→ **WHAT YOU HAVE TO DO**
Transcribe, exactly and without pictures, the lines below from the line with "Dopo aver impostato" to the line with "Subiendo a la", both ends included, and no others.

→ **RECORDS FOR THIS TASK**
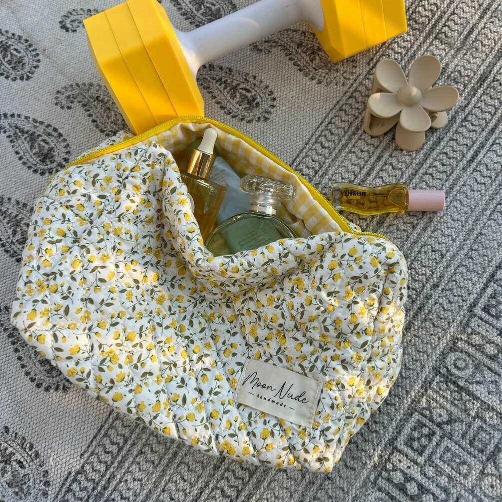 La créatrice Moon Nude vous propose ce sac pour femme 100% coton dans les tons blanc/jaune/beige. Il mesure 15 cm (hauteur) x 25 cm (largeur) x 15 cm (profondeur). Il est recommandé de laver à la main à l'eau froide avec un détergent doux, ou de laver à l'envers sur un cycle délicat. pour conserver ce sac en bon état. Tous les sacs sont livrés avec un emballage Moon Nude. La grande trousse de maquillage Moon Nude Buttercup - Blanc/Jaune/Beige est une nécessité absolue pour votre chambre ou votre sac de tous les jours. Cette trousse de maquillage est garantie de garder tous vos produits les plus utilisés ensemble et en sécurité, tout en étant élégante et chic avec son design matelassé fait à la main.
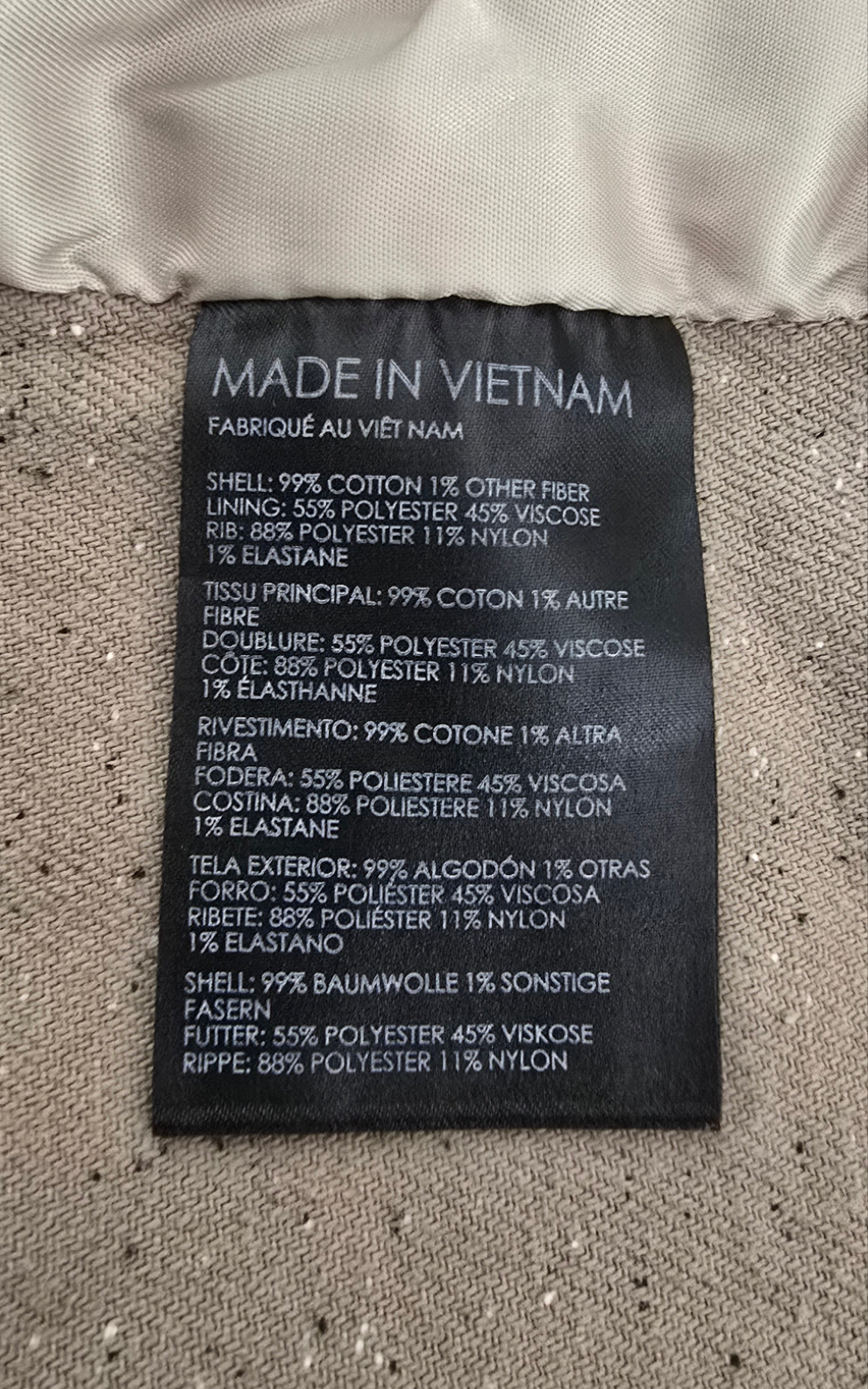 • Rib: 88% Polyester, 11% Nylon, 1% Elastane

...

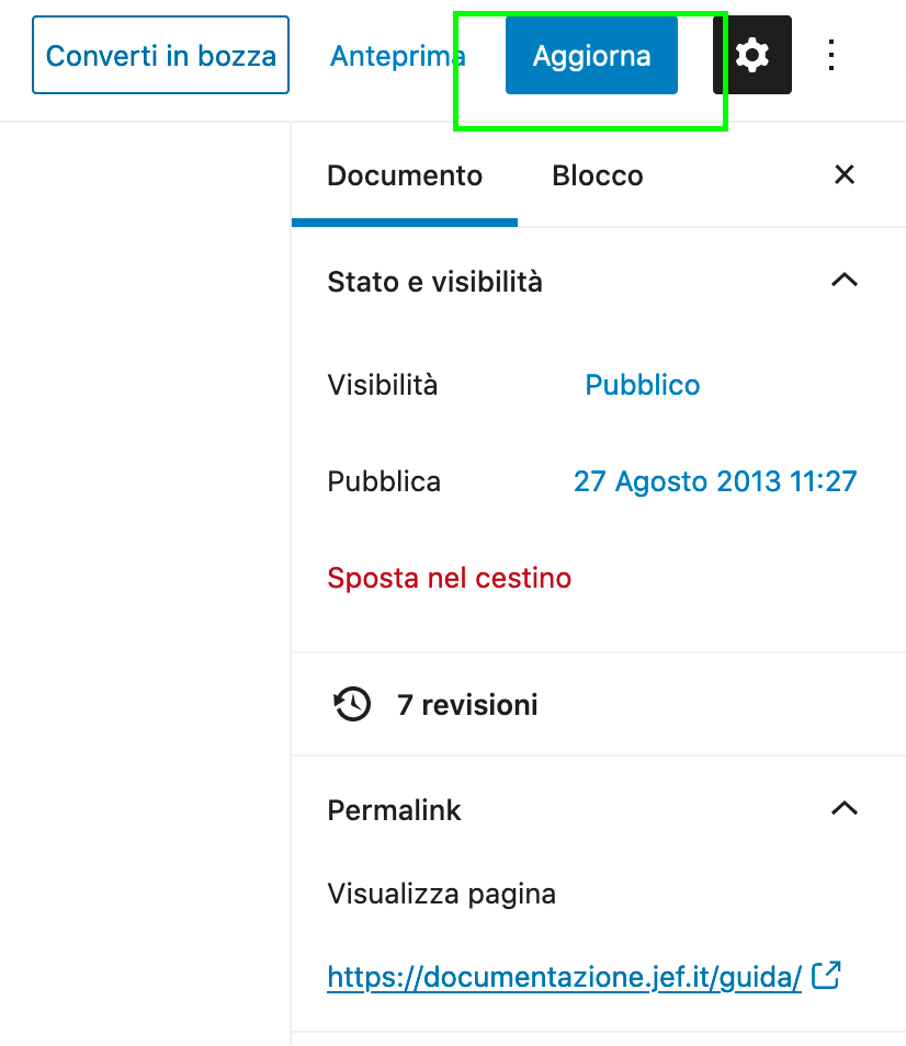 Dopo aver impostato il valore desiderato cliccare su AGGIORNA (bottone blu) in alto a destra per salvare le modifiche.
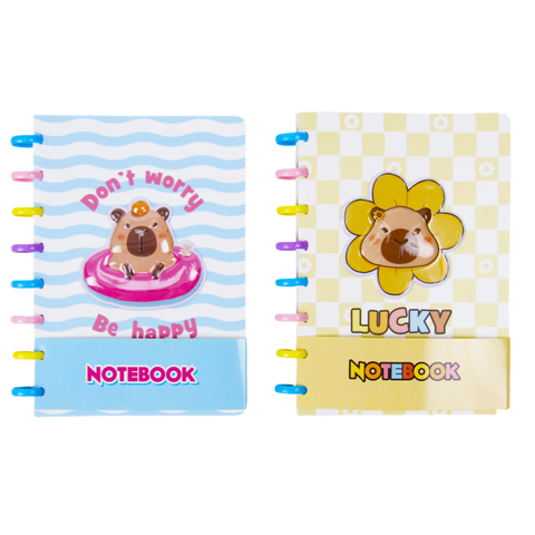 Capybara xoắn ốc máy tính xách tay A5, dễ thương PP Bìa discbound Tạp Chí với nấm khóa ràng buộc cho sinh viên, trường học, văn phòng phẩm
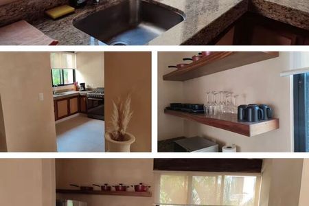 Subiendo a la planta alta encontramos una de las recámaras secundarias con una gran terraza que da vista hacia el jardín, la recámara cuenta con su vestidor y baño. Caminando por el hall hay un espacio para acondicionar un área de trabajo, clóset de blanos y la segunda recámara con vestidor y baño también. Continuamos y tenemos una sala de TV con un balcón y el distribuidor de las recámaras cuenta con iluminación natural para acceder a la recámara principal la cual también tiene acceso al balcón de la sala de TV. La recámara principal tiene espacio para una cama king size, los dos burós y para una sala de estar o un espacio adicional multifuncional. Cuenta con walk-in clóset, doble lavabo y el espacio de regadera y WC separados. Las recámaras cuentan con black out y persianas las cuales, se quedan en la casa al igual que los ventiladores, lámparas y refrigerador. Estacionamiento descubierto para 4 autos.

* * *

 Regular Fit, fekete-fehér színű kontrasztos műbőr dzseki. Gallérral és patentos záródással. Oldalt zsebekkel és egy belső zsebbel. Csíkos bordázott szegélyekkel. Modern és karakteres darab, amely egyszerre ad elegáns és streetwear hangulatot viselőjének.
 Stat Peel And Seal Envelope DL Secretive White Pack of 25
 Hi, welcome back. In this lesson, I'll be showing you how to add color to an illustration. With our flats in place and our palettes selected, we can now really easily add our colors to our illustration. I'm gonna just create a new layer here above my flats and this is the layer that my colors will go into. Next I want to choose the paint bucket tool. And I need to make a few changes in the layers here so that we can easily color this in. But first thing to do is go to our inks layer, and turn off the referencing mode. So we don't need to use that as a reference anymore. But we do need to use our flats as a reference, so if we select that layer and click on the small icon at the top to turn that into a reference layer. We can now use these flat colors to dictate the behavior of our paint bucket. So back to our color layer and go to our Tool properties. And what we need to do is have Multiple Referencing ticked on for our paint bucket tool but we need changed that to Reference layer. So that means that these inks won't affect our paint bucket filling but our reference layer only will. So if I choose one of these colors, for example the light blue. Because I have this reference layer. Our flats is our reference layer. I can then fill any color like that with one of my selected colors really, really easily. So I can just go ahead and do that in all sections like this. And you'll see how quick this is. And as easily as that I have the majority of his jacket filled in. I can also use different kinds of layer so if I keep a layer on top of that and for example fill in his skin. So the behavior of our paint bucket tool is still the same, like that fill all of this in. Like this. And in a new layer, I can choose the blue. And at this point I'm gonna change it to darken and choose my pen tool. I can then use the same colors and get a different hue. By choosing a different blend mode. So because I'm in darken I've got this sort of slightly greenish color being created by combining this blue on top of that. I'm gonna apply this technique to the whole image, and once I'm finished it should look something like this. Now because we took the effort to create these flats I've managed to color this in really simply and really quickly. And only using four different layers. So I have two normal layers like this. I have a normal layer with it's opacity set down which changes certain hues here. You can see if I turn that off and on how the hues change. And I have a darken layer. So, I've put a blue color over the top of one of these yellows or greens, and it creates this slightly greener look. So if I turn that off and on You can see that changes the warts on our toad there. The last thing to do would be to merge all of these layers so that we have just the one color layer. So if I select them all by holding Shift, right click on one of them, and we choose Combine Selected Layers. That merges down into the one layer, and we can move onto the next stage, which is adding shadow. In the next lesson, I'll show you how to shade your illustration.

→ **REPLY**
 Dopo aver impostato il valore desiderato cliccare su AGGIORNA (bottone blu) in alto a destra per salvare le modifiche.
 Capybara xoắn ốc máy tính xách tay A5, dễ thương PP Bìa discbound Tạp Chí với nấm khóa ràng buộc cho sinh viên, trường học, văn phòng phẩm
 Subiendo a la planta alta encontramos una de las recámaras secundarias con una gran terraza que da vista hacia el jardín, la recámara cuenta con su vestidor y baño. Caminando por el hall hay un espacio para acondicionar un área de trabajo, clóset de blanos y la segunda recámara con vestidor y baño también. Continuamos y tenemos una sala de TV con un balcón y el distribuidor de las recámaras cuenta con iluminación natural para acceder a la recámara principal la cual también tiene acceso al balcón de la sala de TV. La recámara principal tiene espacio para una cama king size, los dos burós y para una sala de estar o un espacio adicional multifuncional. Cuenta con walk-in clóset, doble lavabo y el espacio de regadera y WC separados. Las recámaras cuentan con black out y persianas las cuales, se quedan en la casa al igual que los ventiladores, lámparas y refrigerador. Estacionamiento descubierto para 4 autos.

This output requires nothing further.